To search for life on Mars or Europa, we need to land a spacecraft on the celestial body and either search the surface or tunnel through layers of ice to get to the liquid ocean beneath. We are already searching Mars's surface for signs of life, and the new Mars 2020 rover will continue to probe the planet for all its secrets. There are also some intriguing ideas to tunnel through Europa's surface ice with a heat exchanger that would use high-pressure jets to carve a hole in the ice-technology that is being demonstrated in Alaska. But at Enceladus, maybe all we need to do is fly through the towering geysers with a spacecraft designed to identify signs of organic life.
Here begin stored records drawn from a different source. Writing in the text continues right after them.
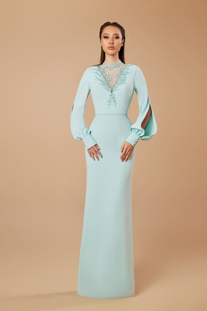 Eleve su presencia nocturna con el Sara Badr 1024 de la Colección de Noche Primavera 2025, una obra maestra creada para aquellos que imponen elegancia. Este lujoso vestido largo de columna de crepé moldea su silueta con su diseño ajustado, mientras que el cuello alto y las mangas largas ofrecen una allure refinada y elegante. Una abertura atrevida añade un toque sutil pero cautivador, permitiendo que el movimiento fluya sin esfuerzo mientras se desliza a través de cualquier evento. La discreta cremallera trasera garantiza un ajuste impecable, abrazando su forma con sofisticación. Diseñado para tallas grandes y ocasiones especiales como momentos de Madre de la Novia, este vestido transforma su noche en una declaración inolvidable de elegancia y lujo.
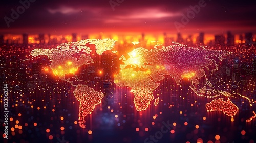 Fototapeta premium Vibrant digital world map illuminated by glowing lights against a sunset city...
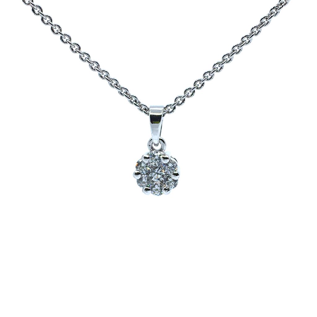 Stenene der sidder i vedhænget er syntetiske zirkonia.
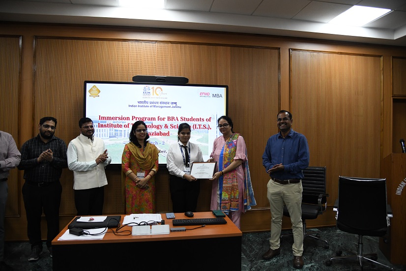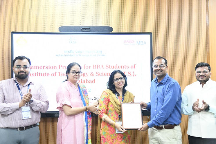 Our 25 bright BBA & BCA students have successfully completed a transformative 5-Day Residential Immersion Program at IIM Jammu – an inspiring journey of learning, leadership, and personal growth. After going through multiple layers of learning, students showcased their knowledge through final project presentations and were awarded certificates of achievement. Faculty members were also recognized for their dedication, guidance, and coordination throughout the program. A heartfelt thanks to the Management of I.T.S, Mohan Nagar, Ghaziabad for their vision and unwavering support in making this initiative a grand success. Dr. Nancy Sharma, Principal – I.T.S UG Campus, also congratulated the achievers and appreciated their hard work and commitment. This milestone, under the initiative of our Academic Outreach Program, reaffirms our commitment to providing experiential learning opportunities and shaping the leaders of tomorrow.
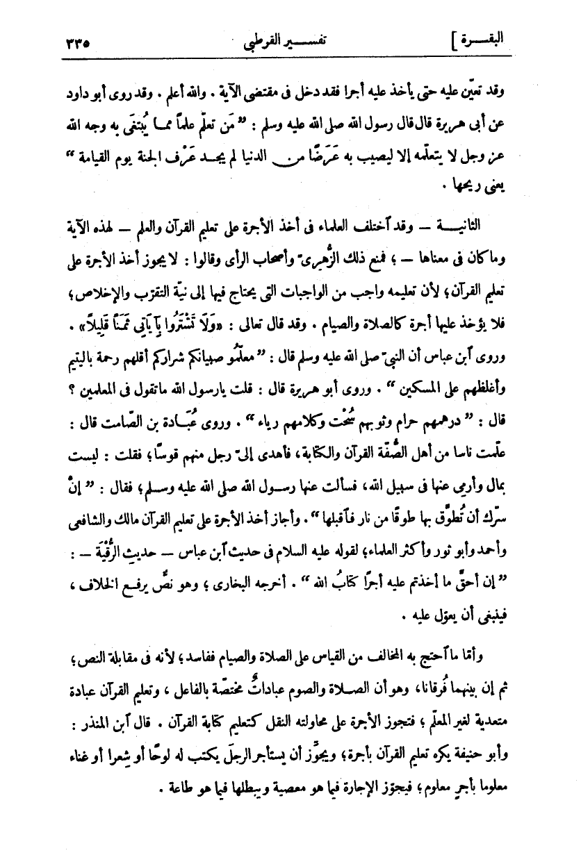 وَقَدْ تَعَيَّنَ عَلَيْهِ حَتَّى يَأْخُذَ عَلَيْهِ أَجْرًا فَقَدْ دَخَلَ فِي مُقْتَضَى الْآيَةِ. وَاللَّهُ أَعْلَمُ. وَقَدْ رَوَى أَبُو دَاوُدَ عَنْ أَبِي هُرَيْرَةَ قَالَ قَالَ رَسُولُ اللَّهِ صَلَّى اللَّهُ عَلَيْهِ وَسَلَّمَ (مَنْ تَعَلَّمَ عِلْمًا مِمَّا يُبْتَغَى بِهِ وَجْهُ اللَّهِ عَزَّ وَجَلَّ لَا يَتَعَلَّمُهُ إِلَّا لِيُصِيبَ بِهِ عَرَضًا مِنَ الدُّنْيَا لَمْ يَجِدْ عَرْفَ الْجَنَّةِ يَوْمَ الْقِيَامَةِ) يَعْنِي رِيحَهَا. الثَّانِيَةُ- وَقَدِ اخْتَلَفَ الْعُلَمَاءُ فِي أَخْذِ الْأُجْرَةِ عَلَى تَعْلِيمِ الْقُرْآنِ وَالْعِلْمِ- لِهَذِهِ الْآيَةِ وَمَا كَانَ فِي مَعْنَاهَا- فَمَنَعَ ذَلِكَ الزُّهْرِيُّ وَأَصْحَابُ الرَّأْيِ وَقَالُوا: لَا يَجُوزُ أَخْذُ الْأُجْرَةِ عَلَى تَعْلِيمِ الْقُرْآنِ لِأَنَّ تَعْلِيمَهُ وَاجِبٌ مِنَ الْوَاجِبَاتِ الَّتِي يُحْتَاجُ فِيهَا إِلَى نِيَّةِ التَّقَرُّبِ وَالْإِخْلَاصِ فَلَا يُؤْخَذُ عَلَيْهَا أُجْرَةٌ كَالصَّلَاةِ وَالصِّيَامِ. وَقَدْ قَالَ تَعَالَى:" وَلا تَشْتَرُوا بِآياتِي ثَمَناً قَلِيلًا". وَرَوَى ابْنُ عَبَّاسٍ أَنَّ النَّبِيَّ صَلَّى اللَّهُ عَلَيْهِ وَسَلَّمَ قَالَ: (مُعَلِّمُو صِبْيَانِكُمْ شِرَارُكُمْ أَقَلُّهُمْ رَحْمَةً باليتيم وأغلظهم على المسكين) روى أَبُو هُرَيْرَةَ قَالَ: قُلْتُ يَا رَسُولَ اللَّهِ مَا تَقُولُ فِي الْمُعَلِّمِينَ؟ قَالَ: (دِرْهَمُهُمْ حَرَامٌ وَثَوْبُهُمْ سُحْتٌ وَكَلَامُهُمْ رِيَاءٌ) وَرَوَى عُبَادَةُ بْنُ الصَّامِتِ قَالَ: عَلَّمْتُ نَاسًا مِنْ أَهْلِ الصُّفَّةِ الْقُرْآنَ وَالْكِتَابَةَ، فَأَهْدَى إِلَيَّ رَجُلٌ مِنْهُمْ قَوْسًا فَقُلْتُ: لَيْسَتْ بِمَالٍ وَأَرْمِي عَنْهَا فِي سَبِيلِ اللَّهِ فَسَأَلْتُ عَنْهَا رَسُولَ اللَّهِ صَلَّى اللَّهُ عَلَيْهِ وَسَلَّمَ فَقَالَ: (إِنْ سَرَّكَ أَنْ تُطَوَّقَ بِهَا طَوْقًا مِنْ نَارٍ فَاقْبَلْهَا). وَأَجَازَ أَخْذَ الْأُجْرَةِ عَلَى تَعْلِيمِ الْقُرْآنِ مَالِكٌ وَالشَّافِعِيُّ وَأَحْمَدُ وَأَبُو ثَوْرٍ وَأَكْثَرُ الْعُلَمَاءِ لِقَوْلِهِ عَلَيْهِ السَّلَامُ فِي حَدِيثِ ابْنِ عَبَّاسٍ- حَدِيثِ الرُّقْيَةِ-: (إِنَّ أَحَقَّ مَا أَخَذْتُمْ عَلَيْهِ أَجْرًا كِتَابُ اللَّهِ). أَخْرَجَهُ الْبُخَارِيُّ وَهُوَ نَصٌّ يَرْفَعُ الْخِلَافَ فَيَنْبَغِي أَنْ يُعَوَّلَ عَلَيْهِ. وَأَمَّا مَا احْتَجَّ بِهِ الْمُخَالِفُ مِنَ الْقِيَاسِ عَلَى الصَّلَاةِ وَالصِّيَامِ فَفَاسِدٌ لِأَنَّهُ فِي مُقَابَلَةِ النَّصِّ ثُمَّ إِنَّ بَيْنَهُمَا فُرْقَانًا وَهُوَ أَنَّ الصَّلَاةَ وَالصَّوْمَ عِبَادَاتٌ مُخْتَصَّةٌ بِالْفَاعِلِ وَتَعْلِيمُ الْقُرْآنِ عِبَادَةٌ مُتَعَدِّيَةٌ لِغَيْرِ الْمُعَلِّمِ فَتَجُوزُ الْأُجْرَةُ عَلَى مُحَاوَلَتِهِ النَّقْلَ كَتَعْلِيمِ كِتَابَةِ الْقُرْآنِ. قَالَ ابْنُ الْمُنْذِرِ: وَأَبُو حَنِيفَةَ يُكْرَهُ تَعْلِيمُ الْقُرْآنِ بِأُجْرَةٍ وَيَجُوزُ أَنْ يَسْتَأْجِرَ الرَّجُلَ يَكْتُبُ لَهُ لَوْحًا أَوْ شِعْرًا أَوْ غِنَاءً مَعْلُومًا بِأَجْرٍ مَعْلُومٍ فَيُجَوِّزُ الْإِجَارَةَ فِيمَا هُوَ مَعْصِيَةٌ وَيُبْطِلُهَا فِيمَا هُوَ طَاعَةٌ.
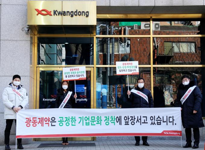 광동제약은 윤리경영문화 정착과 공정거래법 준수를 위해 2018년부터 ISO 37001 부패방지경영시스템을 준비, 지난해 인증을 받았다. 이 회사는 윤리경영 및 부패방지를 위해 2018년 익명제보시스템을 개설, 운영 중이며 2019년에는 윤리경영위원회를 신설하고 임직원 대상 윤리경영 홈페이지를 별도로 구축했다.
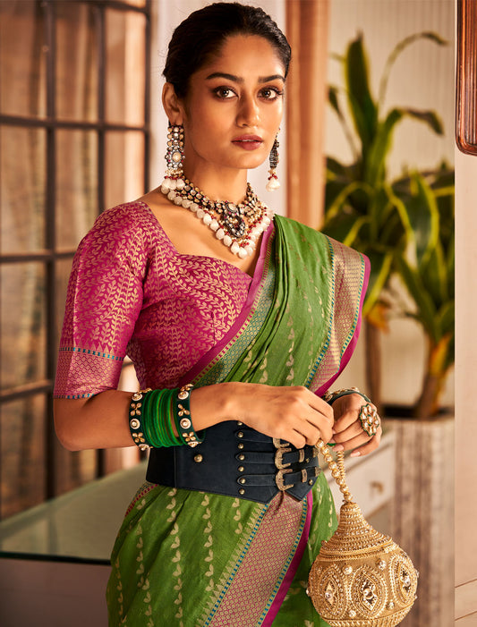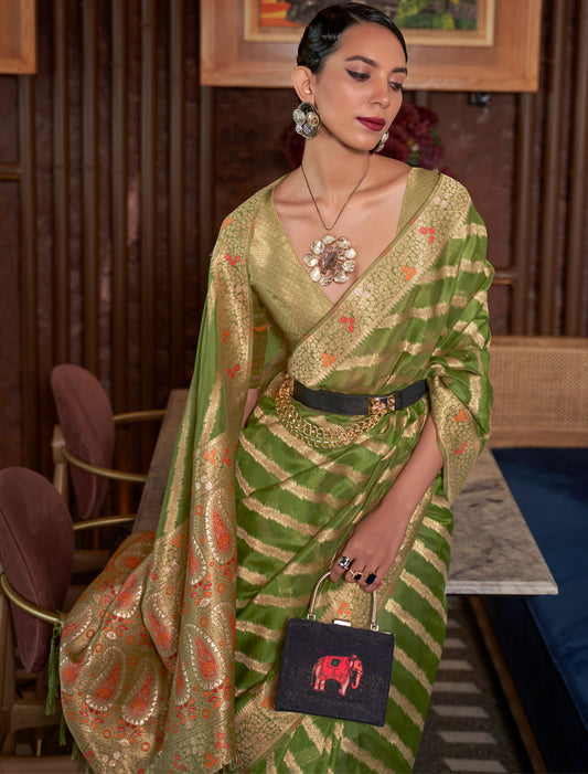 Opulence Khadi Georgette Nylon Handloom Weaving Ethnic Olive Green Saree For Women
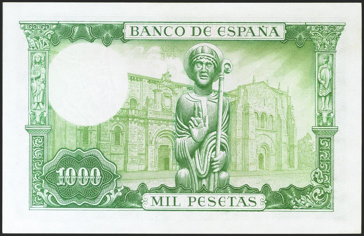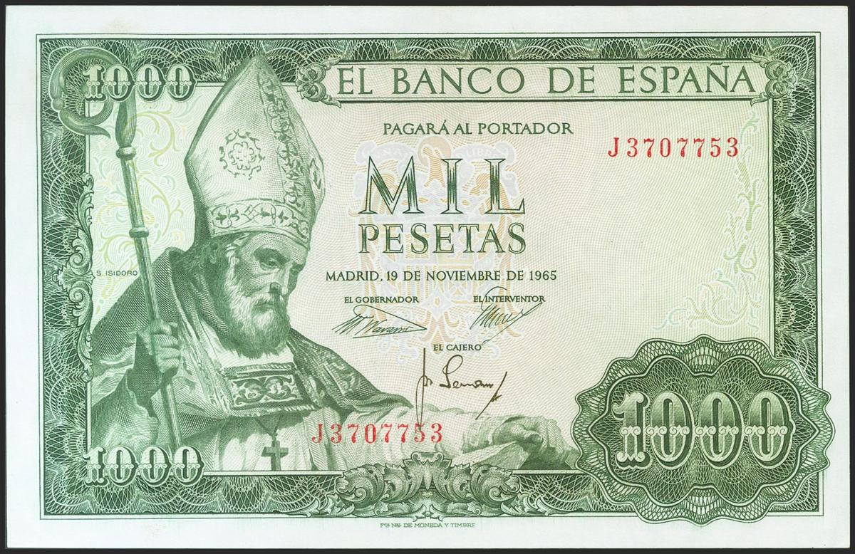 1000 Pesetas. 19 de Noviembre de 1965. Serie J. (Edifil 2021: 471b). Conserva gran parte de su apresto original. SC.

At Enceladus, 888 million miles from the sun, any life would be encased in somewhere between 2 and 20 kilometers of ice. The leading theory is that organisms could cling to hydrothermal vents near the core of Enceladus, similar to the vast ecosystems on the ocean floor of Earth that manage to survive while completely cut off from the energy of the sun. If we assume life does in fact exist on Enceladus, the question is, will that life be detectable in the plumes that shoot out into space?

It may be that any life near the core of the small moon would leave no trace in the geysers erupting from the surface. However, at the meeting lead by Porco, the scientists discussed the possibility that a process known as "bubble scrubbing" could deposit organic material in Enceladus's geysers. At Earth's hydrothermal vents, bubbles rip organisms and organic material from the walls of water columns, mixing it in with waters closer to the surface of the ocean. A similar process on Saturn's little moon could mean the water erupting from the surface would have detectable traces of life.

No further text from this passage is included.